Для реалистически мыслящего человека это был просто-напросто заброшенный дом и ничего более. Не знаю, почему, может, моя фантазия разыгралась оттого, что в тот летний день на небе собрались грозовые тучи, только в силуэте одинокого дома, приткнувшегося в конце улицы и жавшегося чуть ли не к могильным крестам, мне вдруг увиделся какой-то трагический символ. Казалось, в доме этом случилась или могла случиться какая-то драма. И я решил рассказать о некой трагедии, используя в качестве фона мрачную обстановку заброшенного дома. Придя домой, я набросал первые две страницы – топографию драмы. До самой же драмы дело не дошло, первые страницы остались последними.
Не стану развивать здесь элементарные мысли о том, что писателю прежде всего следует позаботиться, Какой конфликт он положит в основу произведения, и лишь затем думать об обстановке. В отличие от математической задачи художественная – не имеет единственного правильного решения. Никто не может запретить автору начать не с конфликта, а с обстановки.
Что удивительного, если атмосфера какого-нибудь помещения или силуэт какого-нибудь здания подскажут сюжет драмы?

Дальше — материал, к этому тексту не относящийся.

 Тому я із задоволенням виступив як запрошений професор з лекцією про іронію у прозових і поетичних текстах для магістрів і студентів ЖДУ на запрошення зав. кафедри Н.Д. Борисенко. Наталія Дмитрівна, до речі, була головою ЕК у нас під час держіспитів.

Уединенный дом в конце улицы, недостроенный и заброшенный… Его мрачный силуэт четко вырисовывается на фоне затянутого тучами неба… Такой пейзаж, естественно, навевал мысли о крахе, несчастье, смерти. Это мог быть банальный крах банального начинания: человек начал строить дом, но чтобы закончить строительство, ему просто не хватило денег. Однако могла быть и другая подоплека: хозяин вступил в конфликт с братом, претендовавшим на один этаж; или его оставила молодая жена, ради которой он начал строить дом; или собственный сын обокрал его и сбежал за границу; или он сам попытался ограбить кого-то, чтобы добыть деньги и закончить строительство, да попал в тюрьму. Ничего удивительного, если угрюмый, закопченный фасад символизировал не будничный финансовый крах, а трагическую развязку криминальной истории, измены, кровопролития.

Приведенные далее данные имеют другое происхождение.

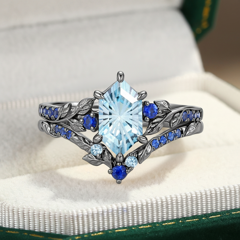 Elongated Hexagon Fireworks Cut Aquamarine Engagement Ring Set 2pcs - Azure

Трагическая развязка непременно должна была произойти в самой мрачной части дома – на недостроенном верхнем этаже. Там, в темных помещениях с голыми стенами, с забитыми досками окнами, должна разыграться потрясающая сцена финала. Это мне было совершенно ясно. Однако оставался неясным сам финал. И драма, которую он должен был увенчать. Я не представлял себе и ее участников. Таким образом, место действия было найдено, а персонажи еще нет. Вместо них фантазия подсказывала мне смутные догадки, которые, не успевая обрести ясные очертания, исчезали, выветривались столь же быстро, как и возникали. Рассказ, как и другие, застопорился на второй странице.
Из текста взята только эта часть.